We also need to consider a more sophisticated approach to conceptualizing lived identity. Reductive ideologies of national and ethnic identity do not and will not countenance the notion of multiple identities, but that does seem to be how many of us live. In order to begin accounting for what he discovered in Macedonia, Charlie Keil has begun developing a notion of layered identity, where different “layers” of one’s identity are linked to different social contexts and historical streams.
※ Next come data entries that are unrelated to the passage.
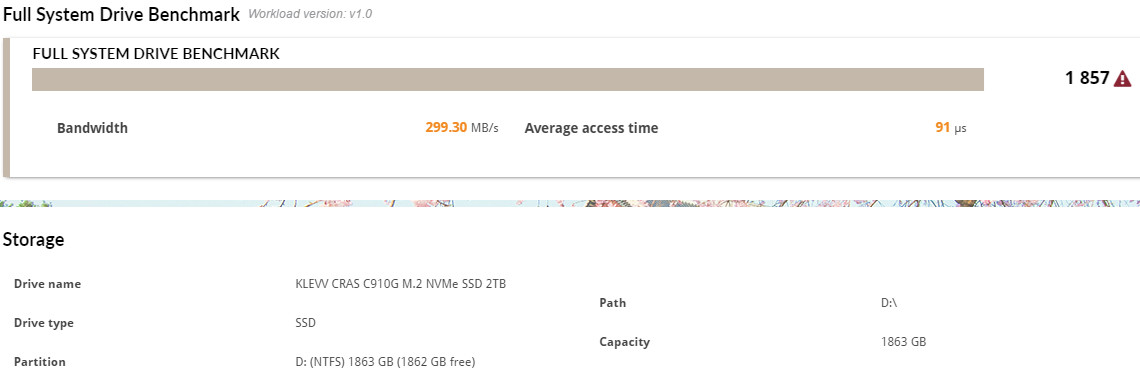 CRAS C910G 2TB 獲得 1857 分的成績,可達到 299.3 MB/s 的平均頻寬,存取時間平均僅 91µs微秒。
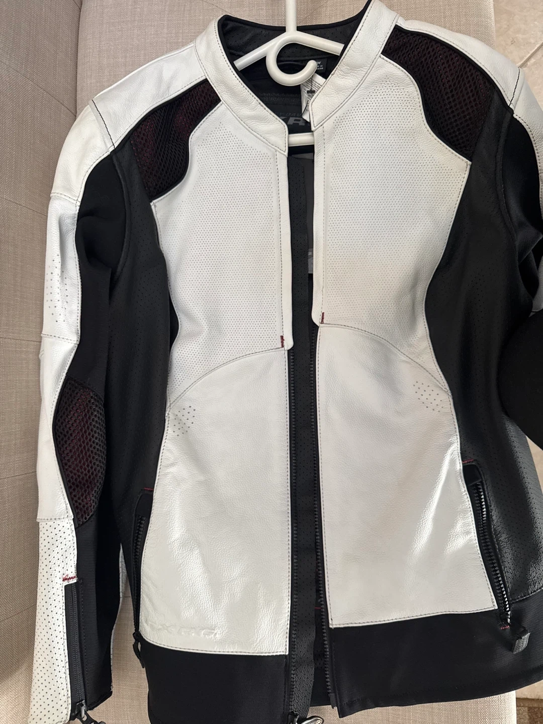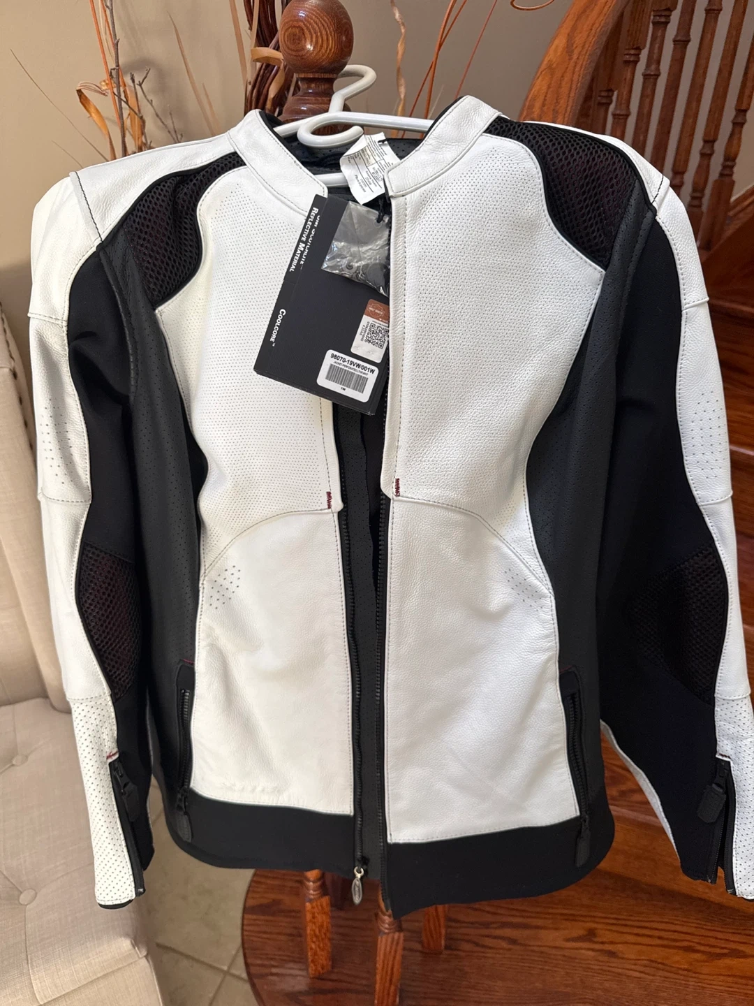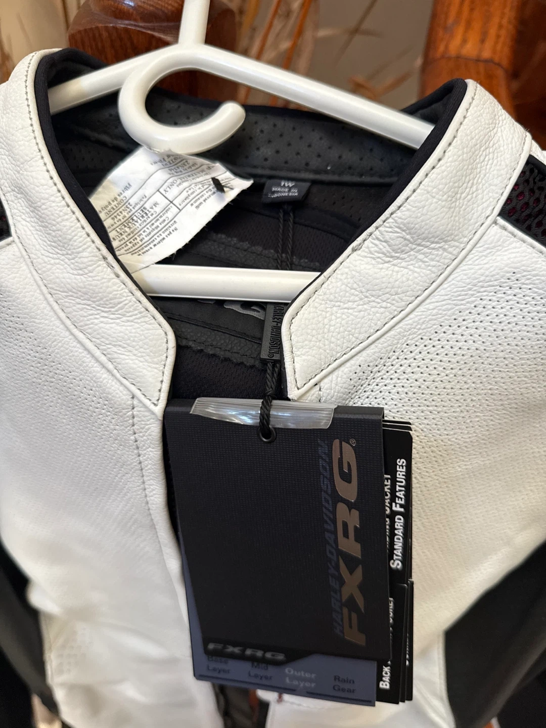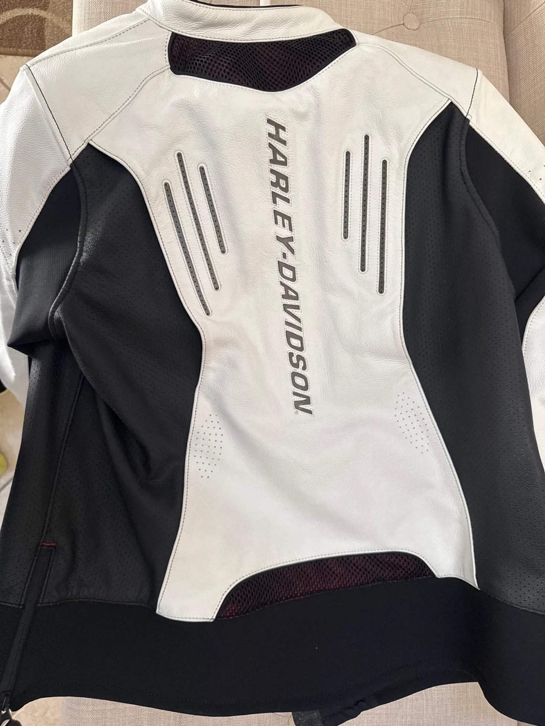 Women's Harley-Davidson FXRG perforated leather motorcycle jacket in white and black. Features mesh panels for ventilation. Includes original tags. Brand New.
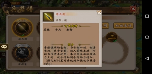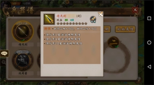 点击解锁的兵器即可以看到有关兵器的说明和其初始属性,目前一开始自动解锁的兵器只有“倚天剑”(根据游戏开始选择的武将不同自动解锁的神器也不同,曹操-倚天剑,刘备-雌雄双股剑,孙坚-古锭刀),所以我们这里就拿最简单的“倚天剑”来举例吧!
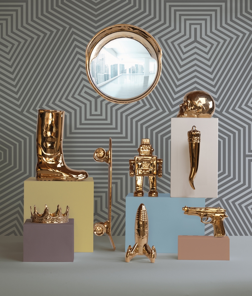 与Memorabilia系列一样,Memorabilia Gold是一系列独立装饰品,让人想起文化或历史事件,这也增加了兴趣点。 “我的滑板”实际上被设计用作食品拼盘,用于寿司或冷肉等食品,体现了Seletti对功能性艺术的热爱!
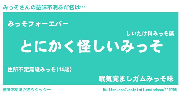 | ヒーロー風カッコイイあだ名 | 『黄金騎士ミッ』『ウルトラみっそマン』 |
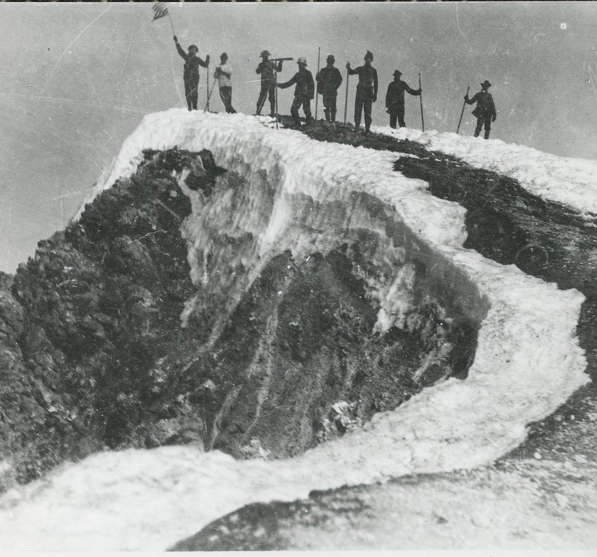 Climbers on the the summit of Mt. Hood, OrHi25468.
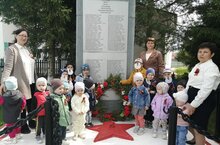 В преддверии праздника мы с ребятами отправились к памятнику-обелиску, возложили венок и поклонились солдатам погибшим в Великой Отечественной войне, пели военные песни, читали стихи.

The fact is, cultural practices of all kinds circulate from one group to another under all kinds of conditions, whether free interaction between groups or the conquest and oppression of one group by another. The cultural practices of any given group are likely to have 100s or 1000s of sources, some recent and others distant, some geographically near and others far off. There is no simply way to conceptualize the relationship between a single group and its many cultural influences, or between a single individual and the many groups in which she may participate, and all the manifold and various cultural practices flowing through the mesh.